THE INPUT>
═══
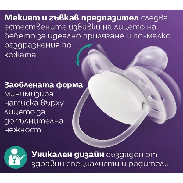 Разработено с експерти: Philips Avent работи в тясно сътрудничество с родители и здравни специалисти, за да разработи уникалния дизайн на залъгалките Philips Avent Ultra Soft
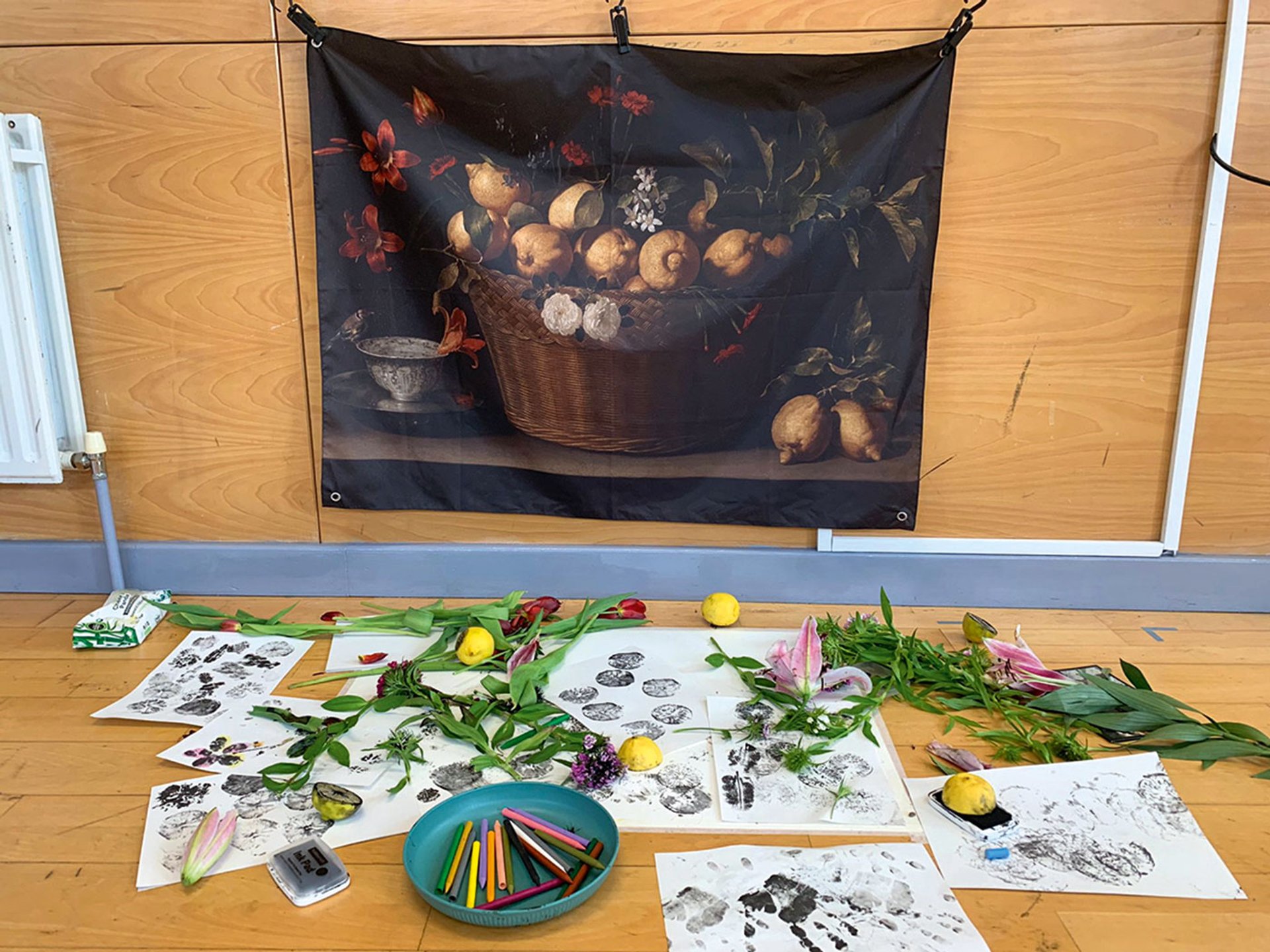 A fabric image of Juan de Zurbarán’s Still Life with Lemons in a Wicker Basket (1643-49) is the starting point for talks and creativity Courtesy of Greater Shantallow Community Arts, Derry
═══
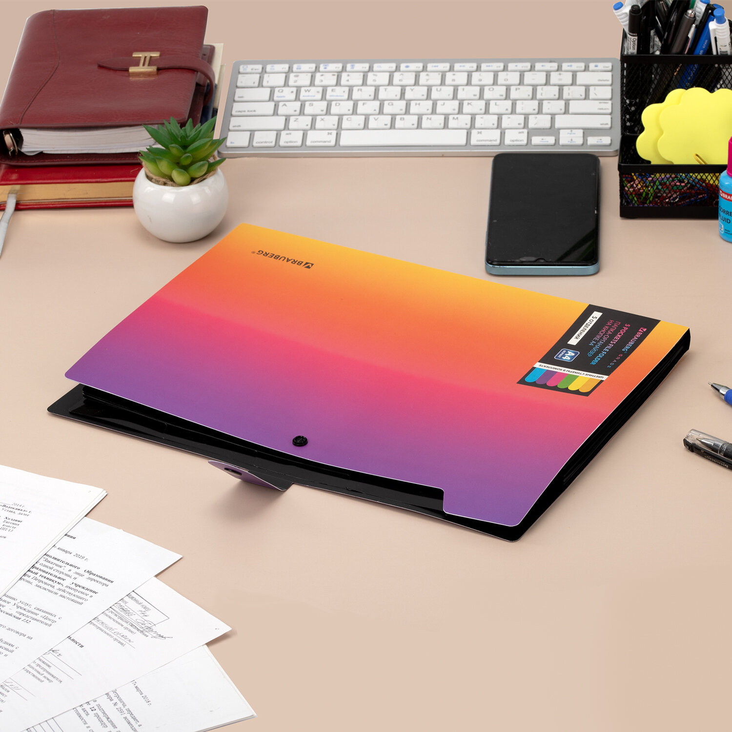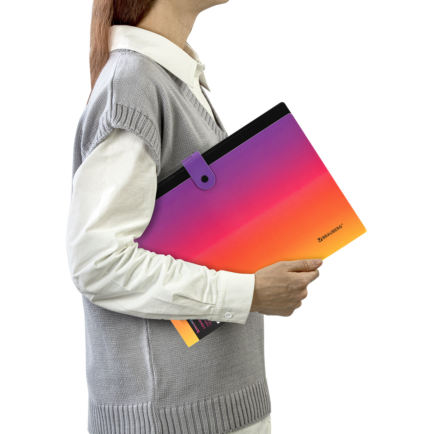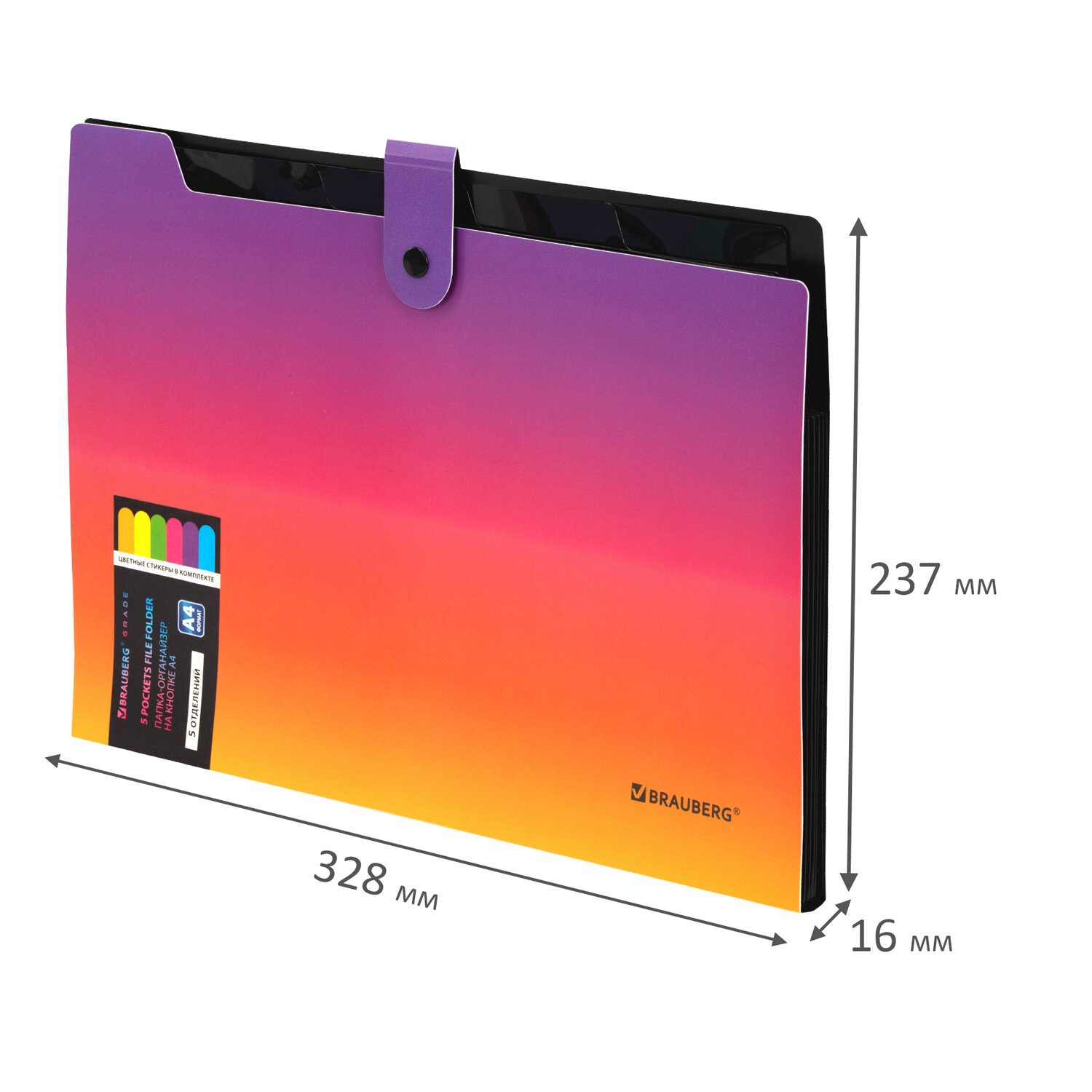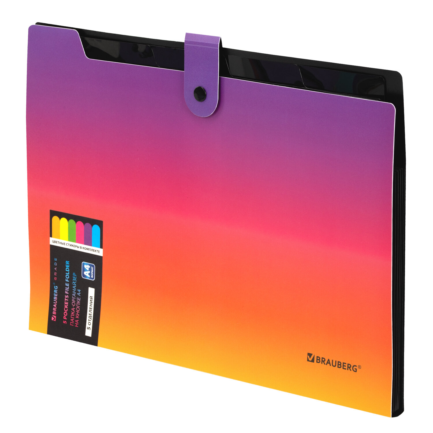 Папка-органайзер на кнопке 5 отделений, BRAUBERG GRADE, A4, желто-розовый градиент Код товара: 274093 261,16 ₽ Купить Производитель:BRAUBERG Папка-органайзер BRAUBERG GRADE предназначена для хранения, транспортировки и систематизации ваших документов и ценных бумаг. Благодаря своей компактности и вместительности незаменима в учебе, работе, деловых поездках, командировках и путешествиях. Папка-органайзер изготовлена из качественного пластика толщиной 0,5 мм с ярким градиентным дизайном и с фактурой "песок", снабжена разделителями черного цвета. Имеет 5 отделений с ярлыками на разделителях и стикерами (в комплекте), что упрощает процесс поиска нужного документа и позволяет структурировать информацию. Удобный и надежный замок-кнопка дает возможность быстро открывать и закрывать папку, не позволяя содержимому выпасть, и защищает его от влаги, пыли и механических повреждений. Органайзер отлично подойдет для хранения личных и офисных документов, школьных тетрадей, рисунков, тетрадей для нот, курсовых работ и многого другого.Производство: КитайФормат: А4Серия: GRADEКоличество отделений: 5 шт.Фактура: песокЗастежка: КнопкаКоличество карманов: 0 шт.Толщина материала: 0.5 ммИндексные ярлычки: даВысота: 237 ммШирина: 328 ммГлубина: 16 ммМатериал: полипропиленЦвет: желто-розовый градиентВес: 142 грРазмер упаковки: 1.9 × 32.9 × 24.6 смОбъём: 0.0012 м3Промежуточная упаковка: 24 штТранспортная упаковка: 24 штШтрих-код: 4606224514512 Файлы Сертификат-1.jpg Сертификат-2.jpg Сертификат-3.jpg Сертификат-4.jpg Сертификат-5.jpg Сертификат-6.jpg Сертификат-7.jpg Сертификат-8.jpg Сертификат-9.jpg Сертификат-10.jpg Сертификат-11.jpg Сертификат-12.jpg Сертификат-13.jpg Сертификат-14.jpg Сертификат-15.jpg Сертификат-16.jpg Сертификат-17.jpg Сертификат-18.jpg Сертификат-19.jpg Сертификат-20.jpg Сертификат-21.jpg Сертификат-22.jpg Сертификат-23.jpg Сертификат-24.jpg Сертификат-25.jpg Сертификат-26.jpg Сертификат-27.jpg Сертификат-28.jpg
═══
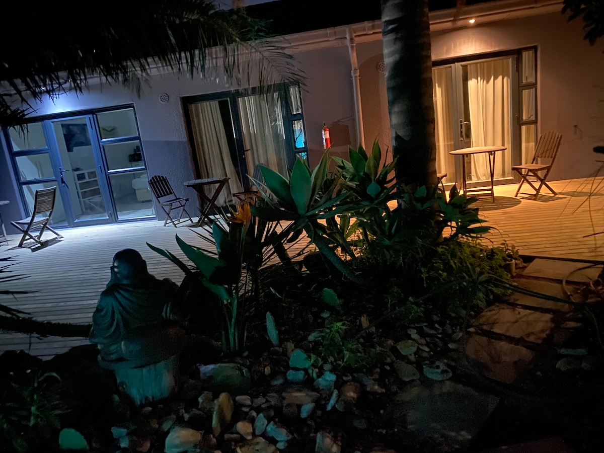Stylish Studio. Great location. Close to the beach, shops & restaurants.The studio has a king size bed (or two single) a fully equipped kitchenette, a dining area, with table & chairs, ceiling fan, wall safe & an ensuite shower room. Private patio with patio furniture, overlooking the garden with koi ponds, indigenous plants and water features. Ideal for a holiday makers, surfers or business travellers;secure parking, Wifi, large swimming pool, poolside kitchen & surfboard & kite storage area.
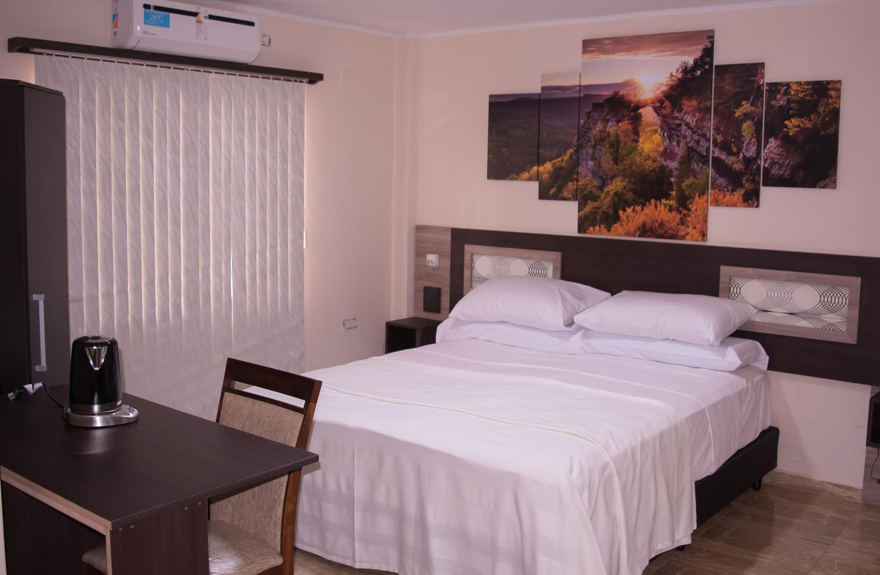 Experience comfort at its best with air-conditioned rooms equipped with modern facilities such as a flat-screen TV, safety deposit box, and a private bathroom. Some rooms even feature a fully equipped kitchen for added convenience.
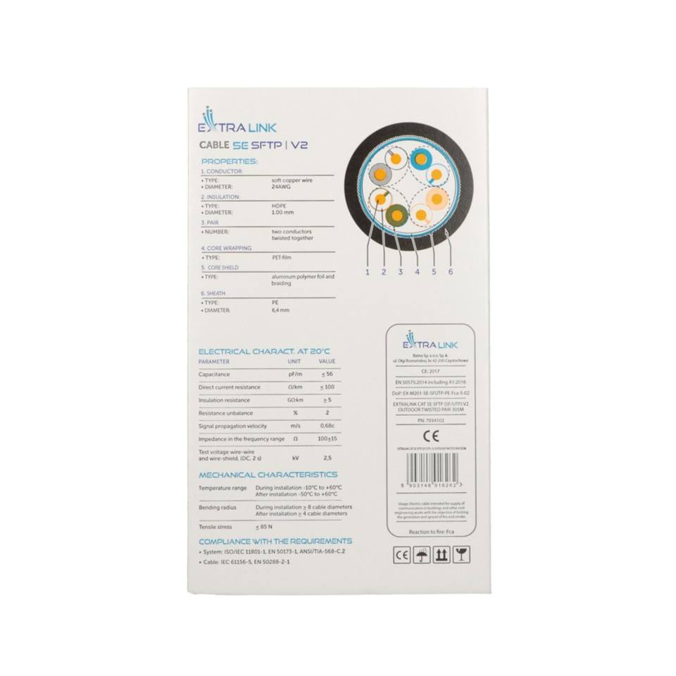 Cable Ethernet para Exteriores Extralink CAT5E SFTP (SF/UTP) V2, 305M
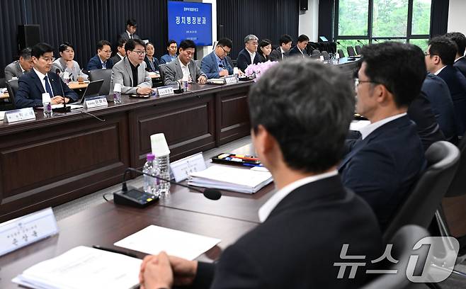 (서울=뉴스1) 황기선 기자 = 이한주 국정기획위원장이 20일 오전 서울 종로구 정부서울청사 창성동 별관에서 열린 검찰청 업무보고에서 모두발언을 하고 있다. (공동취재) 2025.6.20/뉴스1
═══
WHAT THIS TASK INVOLVES>
What you return from the records above should be exactly everything from the line with "Stylish Studio. Great" down to the line with "(서울=뉴스1) 황기선 기자", both kept, and no pictures.

ANSWER TO THE PROBLEM>
Stylish Studio. Great location. Close to the beach, shops & restaurants.The studio has a king size bed (or two single) a fully equipped kitchenette, a dining area, with table & chairs, ceiling fan, wall safe & an ensuite shower room. Private patio with patio furniture, overlooking the garden with koi ponds, indigenous plants and water features. Ideal for a holiday makers, surfers or business travellers;secure parking, Wifi, large swimming pool, poolside kitchen & surfboard & kite storage area.
 Experience comfort at its best with air-conditioned rooms equipped with modern facilities such as a flat-screen TV, safety deposit box, and a private bathroom. Some rooms even feature a fully equipped kitchen for added convenience.
 Cable Ethernet para Exteriores Extralink CAT5E SFTP (SF/UTP) V2, 305M
 (서울=뉴스1) 황기선 기자 = 이한주 국정기획위원장이 20일 오전 서울 종로구 정부서울청사 창성동 별관에서 열린 검찰청 업무보고에서 모두발언을 하고 있다. (공동취재) 2025.6.20/뉴스1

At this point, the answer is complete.